А поспорили монахи из-за мальчика Антуана. Ночь после Sermo Generalis мальчик провел в замке, пользуясь еще не отмененным запретом на возвращение домой. Он принес Гальярду ужин в комнату, и пока монах ел, подцепляя смоченные бульоном куски хлеба дрожащей в руке ложкой, юноша осмелился высказать давнюю свою просьбу.
Запинаясь от волнения, он попросил отца Гальярда ради Христа взять его с собой хотя бы до Памьера.

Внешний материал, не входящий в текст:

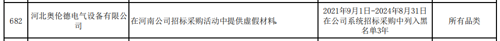 其中,河北奥伦德电气设备有限公司因在河南公司招标采购活动中提供虚假材料被通报。处理措施:2021年9月1日-2024年8月31日在公司系统招标采购中列入黑名单3年。处理范围:所有品类。

— Мне бы с вами только до города доехать, отче, — чуть слышно говорил он, глядя куда-то в темный угол. Глаз опять не было видно из-под падавших на лоб спутанных волос, притом что Гальярд очень хотел бы увидеть его глаза. — Ох… не могу я, простите Христа ради, здесь оставаться. Никого у меня тут больше нет. И никакой мне жизни тут больше не будет, к нему ни за что не вернусь, лучше сразу в реку, в Арьеж… В городе работать устроюсь как-нибудь, я ж мотальщик уже сколько лет, пойду в ткацкую мастерскую. Или хоть в кабак полы мыть, это уже все равно, Господь любой труд благословляет…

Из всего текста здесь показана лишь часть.